I am extremely proud of my husband right now. It can’t be easy suffering from anxiety and depression, and to open up must feel like you are losing the last thing you can control. (Assumption on my part)
See, tonight was a rough night. I used all of what little energy I had to go to the doctors and do a small amount of shopping (I did nap, but the T3’s meant I did not regain any energy from said nap), and hubby did more than he should, by straightening up and making supper. Pretty sure he borrowed energy from the next 5 days straight!
SO, when the kid complained about what supper was, to say tempers ran hot is pretty accurate. I sat the kid down, and nervously (since hubby was in the room … anxiety and all) had a talk with him. I tried to explain WHY we were upset, and how our energy is NOT endless as it is with him.

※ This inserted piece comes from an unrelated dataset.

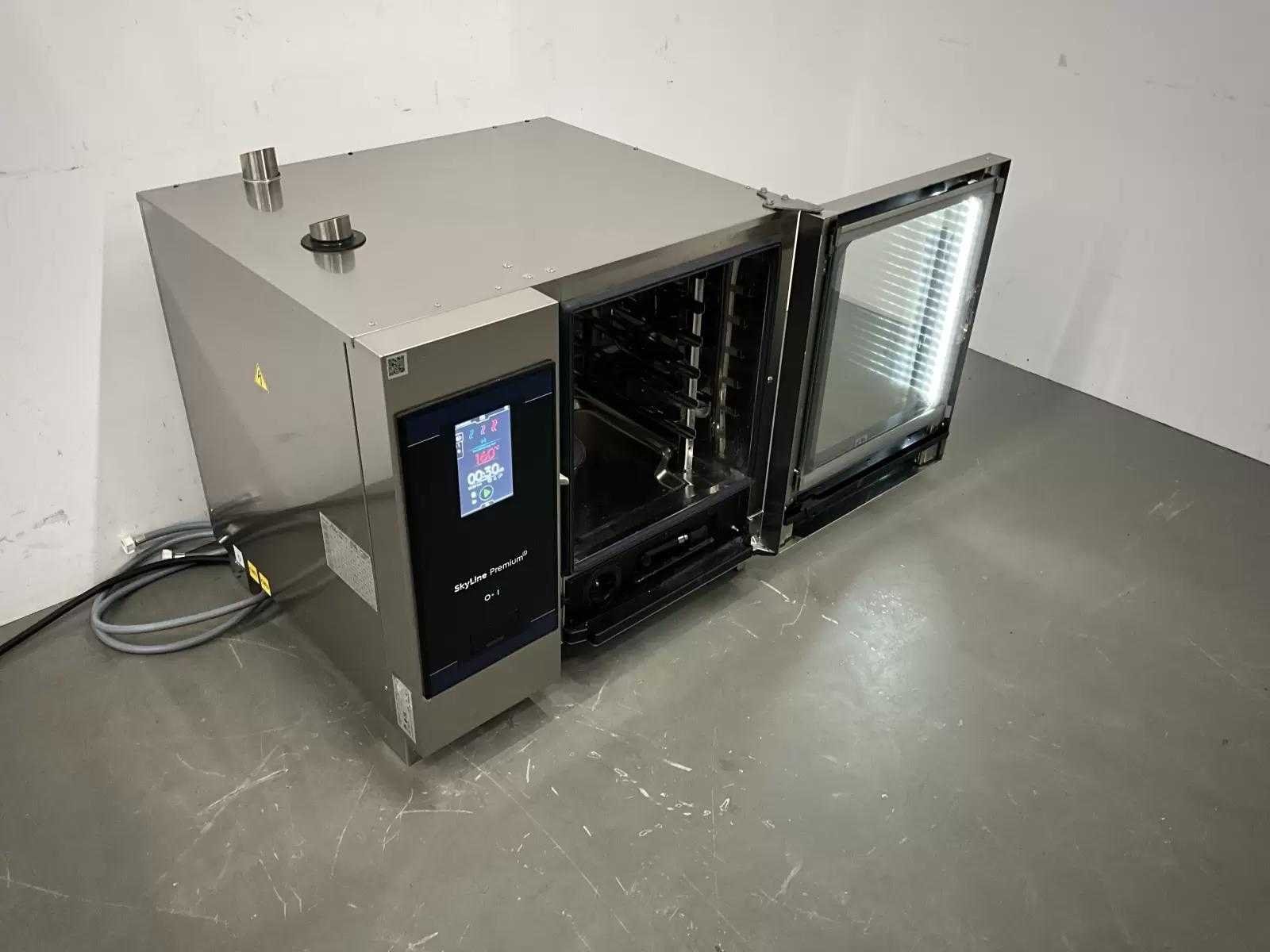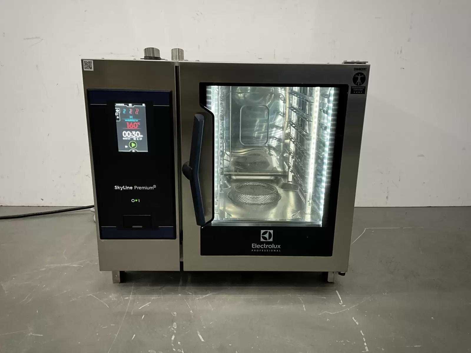 Capaciteit: 6 Niveaus Draairichting deur Rechts draaiend. Bereidingswijzen: Convectie, Stomen, Combi Hetelucht-Stoom, Cook & Hold, Regenereren, Lage Temperatuur Stomen. V.v. Luchtvochtigheid controle, Kerntemperatuur Thermometer, Automatisch Reinigingssysteem. Nee Merk: Electrolux Type: Skyline Premium Totale afmeting L: 870mm Totale afmeting Breedte: 780mm Totale afmeting Hoogte: 810mm Aansluiting: 400V Lengte: 87cm Breedte: 78cm Hoogte: 81cm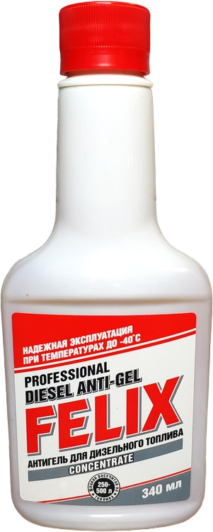 Professional disel anti-gel «Felix» — это депрессорная присадка нового поколения, предназначенная для добавления в дизельное топливо с целью стабилизации работы двигателя в широком диапазоне климатических условий. Антигель «Felix» воздействует на углеводороды парафиновой группы и растворенную в топливе воду, значительно снижая температуру фильтруемости и замерзания дизельного топлива.

I had read (and posted to Facebook) and article that used spoons to explain to others how limited energy works. So I tried that with my son (Only I was to “lazy” to get up, so used ripped up paper instead).
Where I become so very proud and bursting with pride, is how my husband joined in with trying to explain what he goes through in a day. It sapped what tiny bit of energy he had left, but he opened up as he has never opened up before, EVER! Even my son tried very hard to not interrupt him (not easy for him), and we let him explain. You could tell it was difficult for him to admit such raw emotion, and I hope it is not the end of it.
My husband. My Hero. Is strong and brave. It is not easy opening up on a good day, let alone to a teenager, on a bad day!
THIS is why I know he will keep fighting, and why _I_ will keep fighting.
I have always loved him with all my being, never thought I could be any more proud or loving, but here we are. His strength, in his worst moment … I have no words for the feelings I have right now.
While it meant he had to go to bed right then and there, He is my hero.